=== Section Start ===

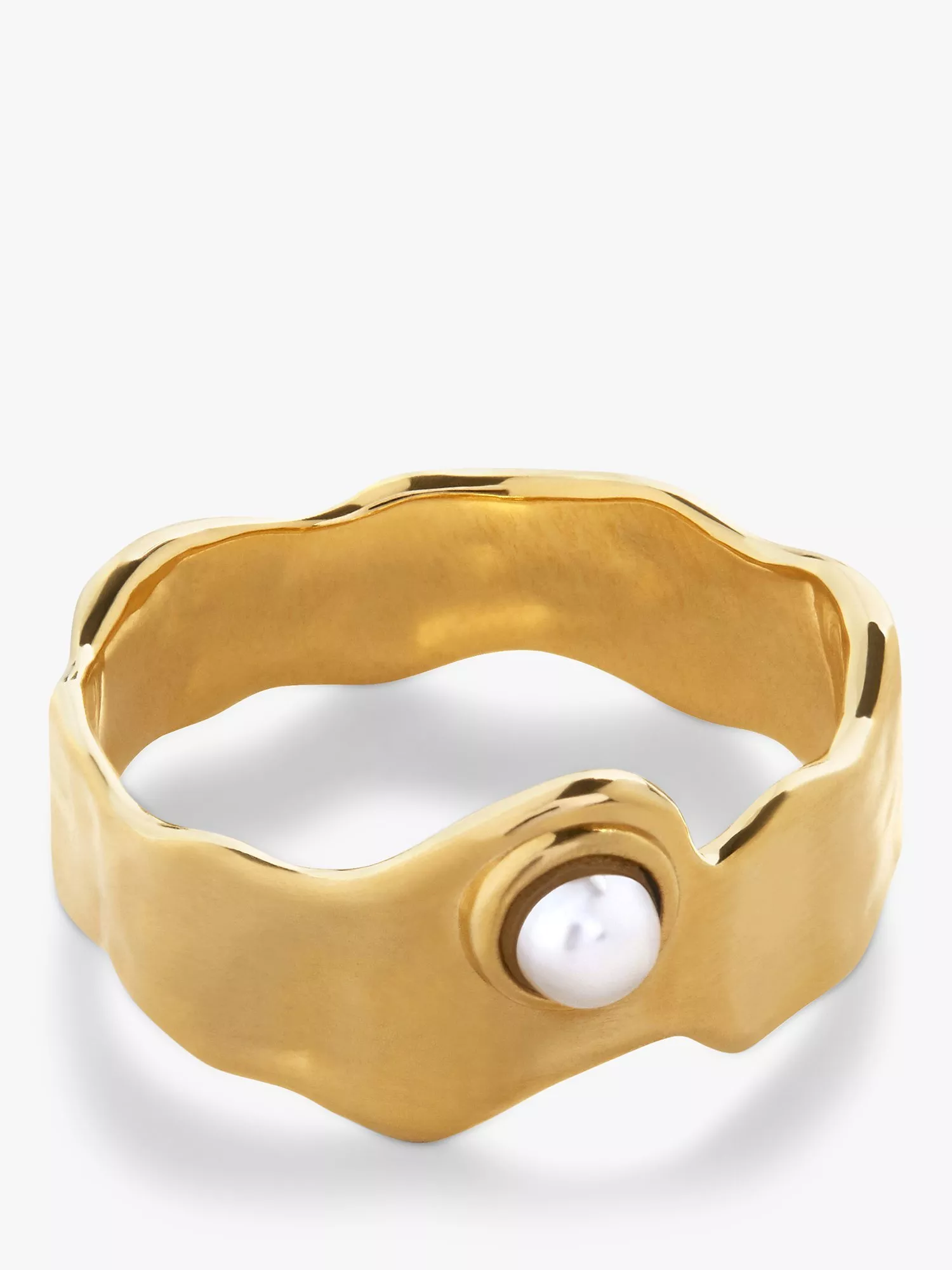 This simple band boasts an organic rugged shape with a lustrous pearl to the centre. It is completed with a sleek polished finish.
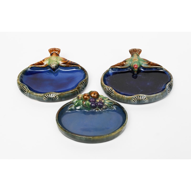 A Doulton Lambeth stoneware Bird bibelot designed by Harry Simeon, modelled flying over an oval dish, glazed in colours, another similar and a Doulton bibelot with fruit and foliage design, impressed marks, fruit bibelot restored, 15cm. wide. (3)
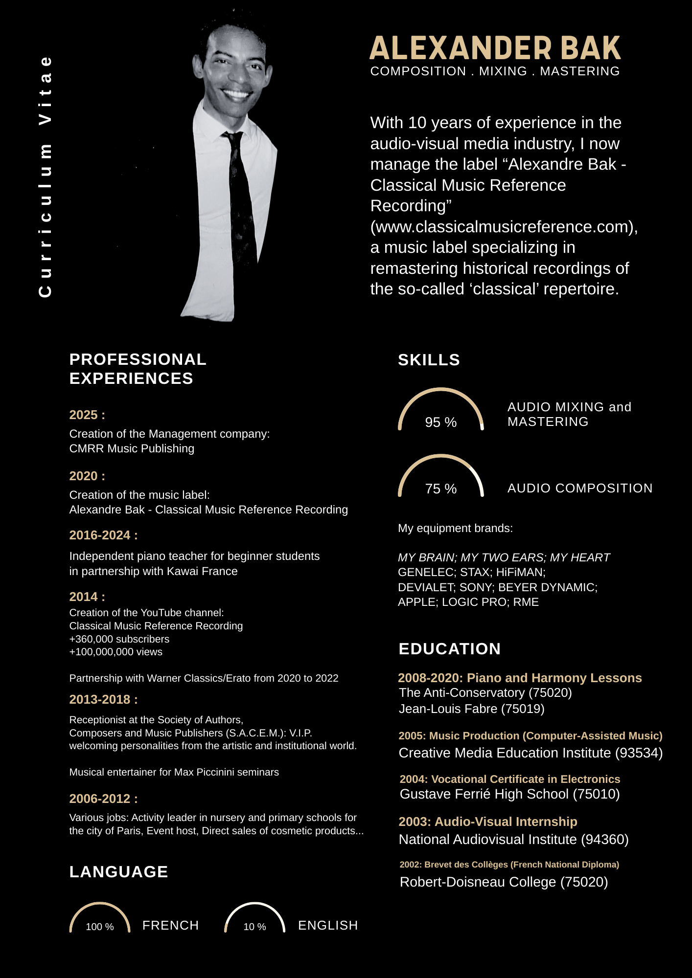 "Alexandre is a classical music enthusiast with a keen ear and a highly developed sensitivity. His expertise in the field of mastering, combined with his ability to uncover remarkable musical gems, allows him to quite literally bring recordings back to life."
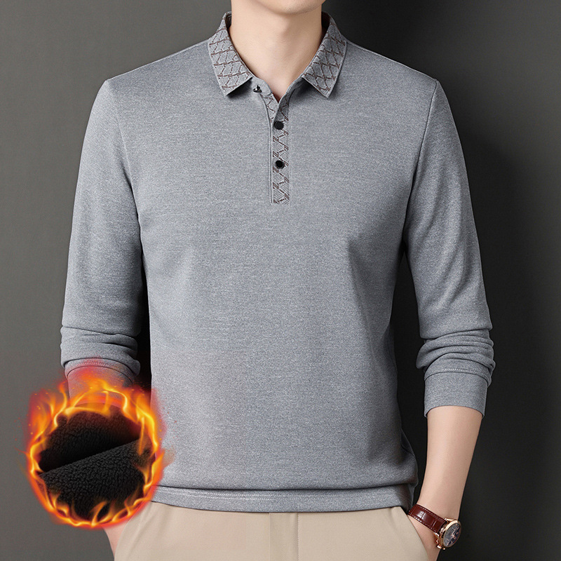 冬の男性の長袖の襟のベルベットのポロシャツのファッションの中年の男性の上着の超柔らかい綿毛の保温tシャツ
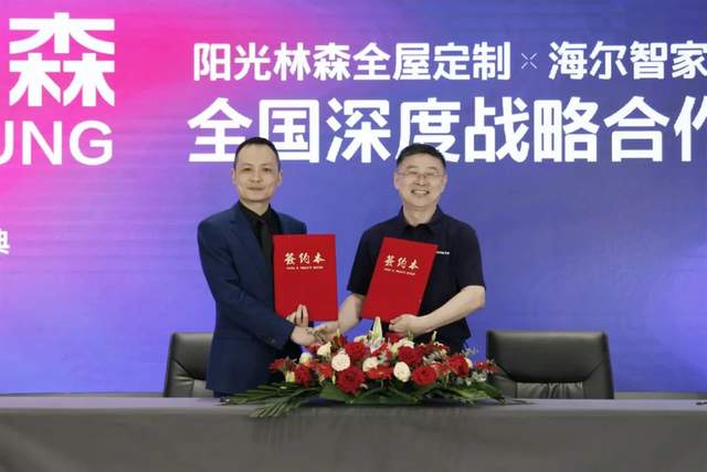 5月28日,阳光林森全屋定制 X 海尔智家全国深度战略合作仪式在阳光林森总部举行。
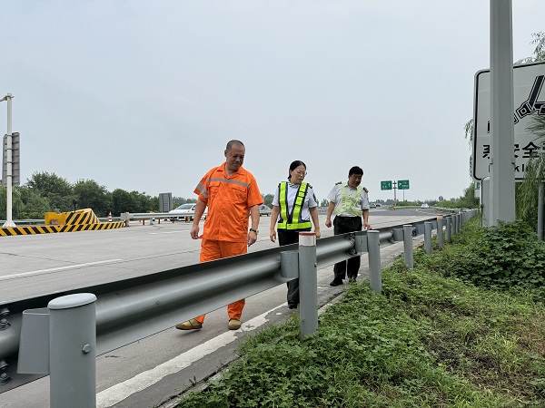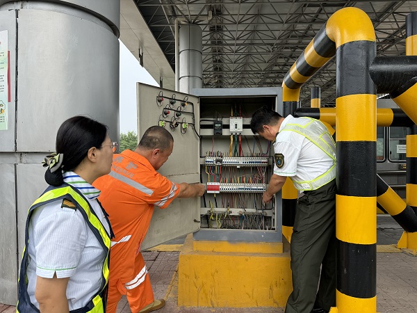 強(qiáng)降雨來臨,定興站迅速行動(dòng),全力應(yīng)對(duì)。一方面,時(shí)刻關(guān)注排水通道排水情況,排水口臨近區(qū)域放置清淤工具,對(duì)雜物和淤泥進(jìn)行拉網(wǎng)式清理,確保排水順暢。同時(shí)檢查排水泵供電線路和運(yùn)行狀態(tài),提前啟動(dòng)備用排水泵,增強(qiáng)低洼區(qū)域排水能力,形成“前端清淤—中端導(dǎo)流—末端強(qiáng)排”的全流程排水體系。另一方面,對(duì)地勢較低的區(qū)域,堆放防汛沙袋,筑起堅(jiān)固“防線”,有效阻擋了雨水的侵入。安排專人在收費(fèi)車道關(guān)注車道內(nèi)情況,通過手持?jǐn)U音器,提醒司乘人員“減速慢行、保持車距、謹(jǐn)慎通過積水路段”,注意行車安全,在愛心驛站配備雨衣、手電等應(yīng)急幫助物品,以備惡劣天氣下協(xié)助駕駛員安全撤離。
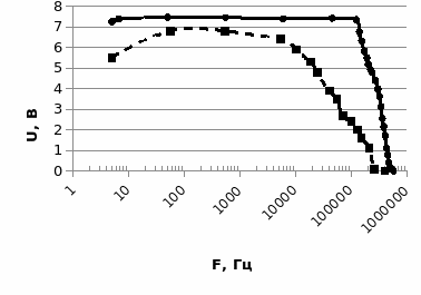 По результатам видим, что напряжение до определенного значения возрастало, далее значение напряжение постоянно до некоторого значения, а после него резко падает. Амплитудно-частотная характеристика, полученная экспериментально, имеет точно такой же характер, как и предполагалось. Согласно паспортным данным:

=== Section End ===
=== Section Start ===

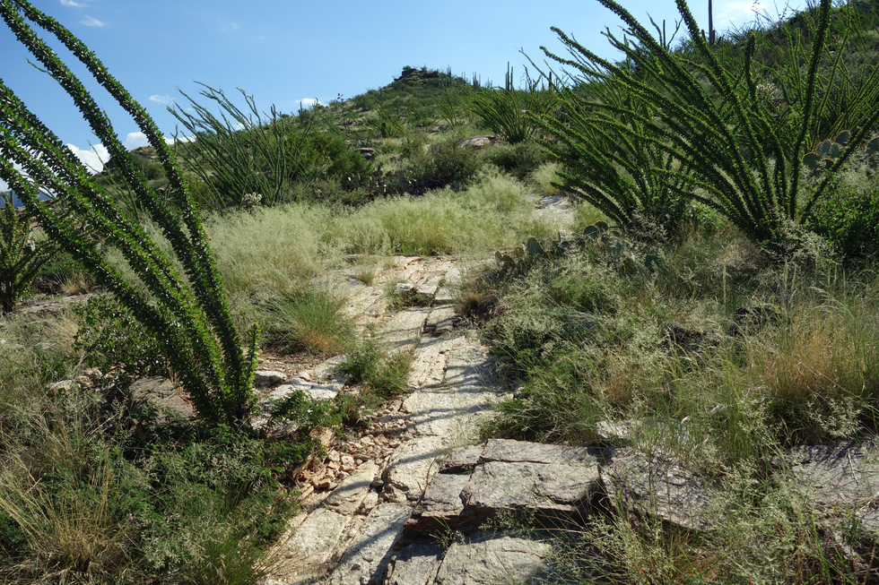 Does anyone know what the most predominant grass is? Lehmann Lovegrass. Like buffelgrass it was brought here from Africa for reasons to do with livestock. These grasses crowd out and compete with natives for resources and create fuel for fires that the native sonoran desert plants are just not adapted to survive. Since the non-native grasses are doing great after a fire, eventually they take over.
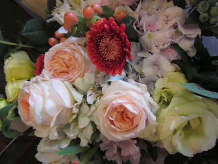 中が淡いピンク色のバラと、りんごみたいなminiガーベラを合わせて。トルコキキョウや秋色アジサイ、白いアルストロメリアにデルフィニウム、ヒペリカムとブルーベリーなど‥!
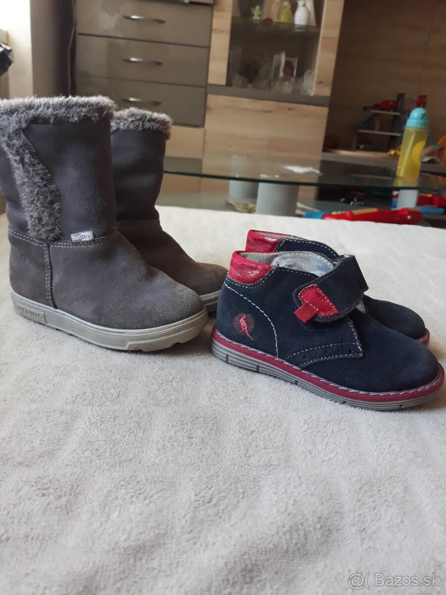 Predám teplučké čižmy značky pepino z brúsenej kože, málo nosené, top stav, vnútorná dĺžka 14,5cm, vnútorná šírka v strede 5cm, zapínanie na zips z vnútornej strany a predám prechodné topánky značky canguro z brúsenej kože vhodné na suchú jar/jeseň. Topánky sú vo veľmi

=== Section End ===
=== Section Start ===

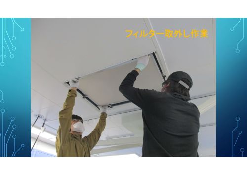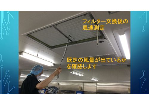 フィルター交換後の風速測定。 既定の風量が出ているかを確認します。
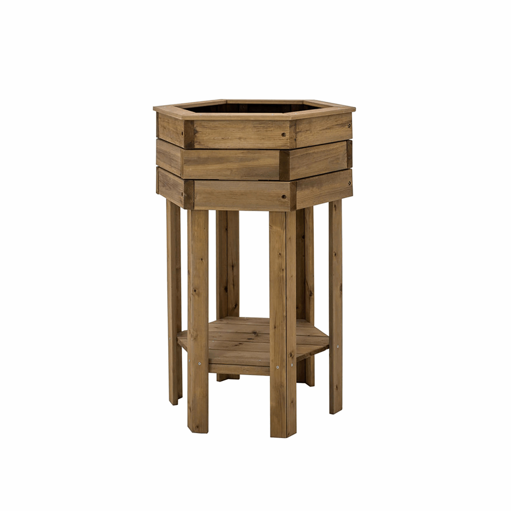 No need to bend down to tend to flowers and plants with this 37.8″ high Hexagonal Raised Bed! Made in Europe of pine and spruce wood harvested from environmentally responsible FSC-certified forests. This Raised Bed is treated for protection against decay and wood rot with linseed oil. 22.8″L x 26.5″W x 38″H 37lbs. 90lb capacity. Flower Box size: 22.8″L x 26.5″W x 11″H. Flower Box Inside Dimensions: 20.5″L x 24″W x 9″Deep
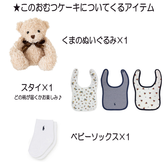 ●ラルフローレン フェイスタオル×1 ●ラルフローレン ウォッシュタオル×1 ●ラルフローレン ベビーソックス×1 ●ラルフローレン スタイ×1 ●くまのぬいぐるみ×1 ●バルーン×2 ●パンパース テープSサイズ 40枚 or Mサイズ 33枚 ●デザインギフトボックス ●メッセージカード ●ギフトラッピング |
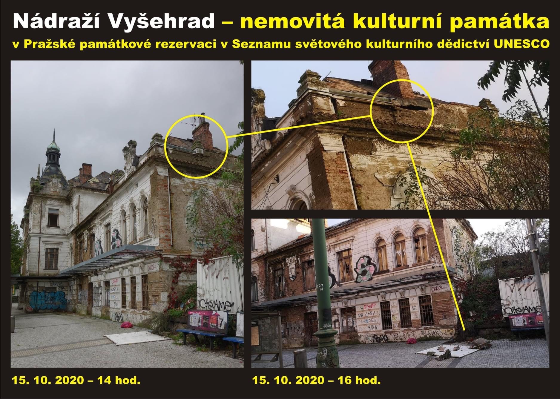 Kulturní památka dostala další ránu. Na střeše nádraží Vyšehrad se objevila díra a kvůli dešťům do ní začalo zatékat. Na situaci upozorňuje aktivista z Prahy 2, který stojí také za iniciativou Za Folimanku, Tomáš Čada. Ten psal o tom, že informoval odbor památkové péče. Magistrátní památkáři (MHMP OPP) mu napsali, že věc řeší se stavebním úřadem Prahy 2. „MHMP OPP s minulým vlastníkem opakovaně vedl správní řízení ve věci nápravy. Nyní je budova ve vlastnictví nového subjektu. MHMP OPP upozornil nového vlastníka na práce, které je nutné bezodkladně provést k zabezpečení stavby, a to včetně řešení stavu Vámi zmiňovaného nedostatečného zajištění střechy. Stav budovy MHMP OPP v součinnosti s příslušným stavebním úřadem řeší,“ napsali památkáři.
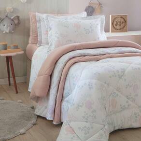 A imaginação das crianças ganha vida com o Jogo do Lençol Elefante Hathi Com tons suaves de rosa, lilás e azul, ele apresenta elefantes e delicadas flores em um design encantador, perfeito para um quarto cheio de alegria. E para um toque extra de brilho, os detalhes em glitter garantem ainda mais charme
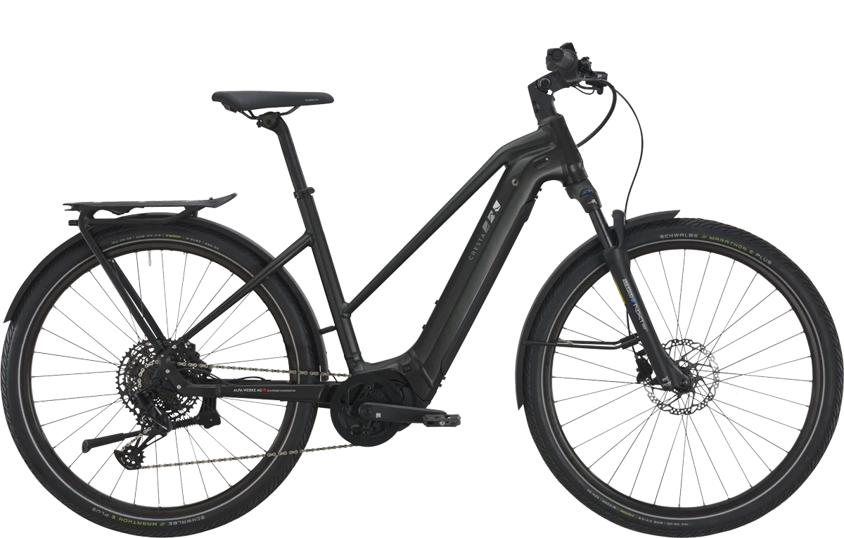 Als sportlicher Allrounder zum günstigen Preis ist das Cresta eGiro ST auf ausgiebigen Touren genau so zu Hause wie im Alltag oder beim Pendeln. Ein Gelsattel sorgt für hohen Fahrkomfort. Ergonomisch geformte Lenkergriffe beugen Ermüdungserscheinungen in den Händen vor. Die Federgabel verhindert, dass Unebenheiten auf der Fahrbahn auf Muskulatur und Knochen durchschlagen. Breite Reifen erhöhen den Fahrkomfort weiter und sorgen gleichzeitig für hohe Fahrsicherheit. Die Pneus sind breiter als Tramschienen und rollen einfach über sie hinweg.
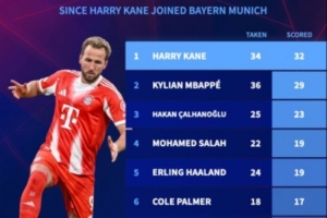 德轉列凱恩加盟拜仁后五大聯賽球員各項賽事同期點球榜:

=== Section End ===

What the task requires »
With the pictures omitted, print the lines above exactly, beginning at the line with "This simple band" and going on through the line with "По результатам видим, что".

Answer section »
 This simple band boasts an organic rugged shape with a lustrous pearl to the centre. It is completed with a sleek polished finish.
 A Doulton Lambeth stoneware Bird bibelot designed by Harry Simeon, modelled flying over an oval dish, glazed in colours, another similar and a Doulton bibelot with fruit and foliage design, impressed marks, fruit bibelot restored, 15cm. wide. (3)
 "Alexandre is a classical music enthusiast with a keen ear and a highly developed sensitivity. His expertise in the field of mastering, combined with his ability to uncover remarkable musical gems, allows him to quite literally bring recordings back to life."
 冬の男性の長袖の襟のベルベットのポロシャツのファッションの中年の男性の上着の超柔らかい綿毛の保温tシャツ
 5月28日,阳光林森全屋定制 X 海尔智家全国深度战略合作仪式在阳光林森总部举行。
 強(qiáng)降雨來臨,定興站迅速行動(dòng),全力應(yīng)對(duì)。一方面,時(shí)刻關(guān)注排水通道排水情況,排水口臨近區(qū)域放置清淤工具,對(duì)雜物和淤泥進(jìn)行拉網(wǎng)式清理,確保排水順暢。同時(shí)檢查排水泵供電線路和運(yùn)行狀態(tài),提前啟動(dòng)備用排水泵,增強(qiáng)低洼區(qū)域排水能力,形成“前端清淤—中端導(dǎo)流—末端強(qiáng)排”的全流程排水體系。另一方面,對(duì)地勢較低的區(qū)域,堆放防汛沙袋,筑起堅(jiān)固“防線”,有效阻擋了雨水的侵入。安排專人在收費(fèi)車道關(guān)注車道內(nèi)情況,通過手持?jǐn)U音器,提醒司乘人員“減速慢行、保持車距、謹(jǐn)慎通過積水路段”,注意行車安全,在愛心驛站配備雨衣、手電等應(yīng)急幫助物品,以備惡劣天氣下協(xié)助駕駛員安全撤離。
 По результатам видим, что напряжение до определенного значения возрастало, далее значение напряжение постоянно до некоторого значения, а после него резко падает. Амплитудно-частотная характеристика, полученная экспериментально, имеет точно такой же характер, как и предполагалось. Согласно паспортным данным:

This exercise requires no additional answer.